- [What the task asks]
Which lines of the data below include the string "with"? Return each of them.

- [Provided records]

● ● ● ● ●

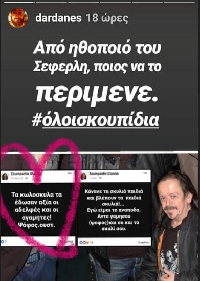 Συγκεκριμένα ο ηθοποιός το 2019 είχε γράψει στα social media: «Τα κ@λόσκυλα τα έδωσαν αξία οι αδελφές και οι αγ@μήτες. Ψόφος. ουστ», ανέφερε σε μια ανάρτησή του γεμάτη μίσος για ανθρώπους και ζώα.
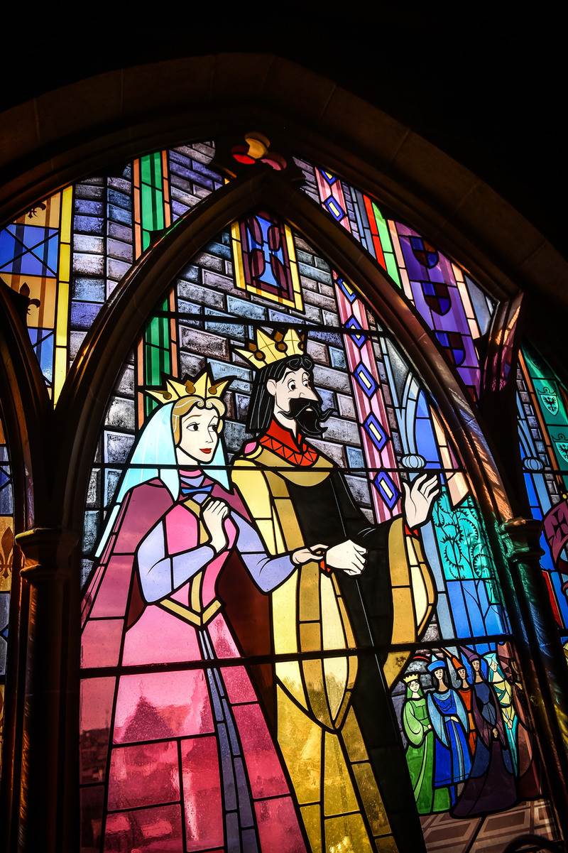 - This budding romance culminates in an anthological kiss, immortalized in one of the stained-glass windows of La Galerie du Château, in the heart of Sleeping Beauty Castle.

● ● ● ● ●

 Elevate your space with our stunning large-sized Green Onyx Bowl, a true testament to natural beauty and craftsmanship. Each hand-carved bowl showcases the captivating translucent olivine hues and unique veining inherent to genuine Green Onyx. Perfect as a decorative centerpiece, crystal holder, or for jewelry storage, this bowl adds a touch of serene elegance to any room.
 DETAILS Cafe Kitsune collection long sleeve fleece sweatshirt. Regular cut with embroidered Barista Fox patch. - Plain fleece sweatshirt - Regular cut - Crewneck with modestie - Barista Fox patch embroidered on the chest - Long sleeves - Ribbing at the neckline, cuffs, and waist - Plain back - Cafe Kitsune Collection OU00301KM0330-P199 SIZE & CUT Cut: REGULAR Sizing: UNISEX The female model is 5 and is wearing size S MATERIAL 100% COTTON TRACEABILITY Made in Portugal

● ● ● ● ●

- [Response to this task]
 Elevate your space with our stunning large-sized Green Onyx Bowl, a true testament to natural beauty and craftsmanship. Each hand-carved bowl showcases the captivating translucent olivine hues and unique veining inherent to genuine Green Onyx. Perfect as a decorative centerpiece, crystal holder, or for jewelry storage, this bowl adds a touch of serene elegance to any room.
 DETAILS Cafe Kitsune collection long sleeve fleece sweatshirt. Regular cut with embroidered Barista Fox patch. - Plain fleece sweatshirt - Regular cut - Crewneck with modestie - Barista Fox patch embroidered on the chest - Long sleeves - Ribbing at the neckline, cuffs, and waist - Plain back - Cafe Kitsune Collection OU00301KM0330-P199 SIZE & CUT Cut: REGULAR Sizing: UNISEX The female model is 5 and is wearing size S MATERIAL 100% COTTON TRACEABILITY Made in Portugal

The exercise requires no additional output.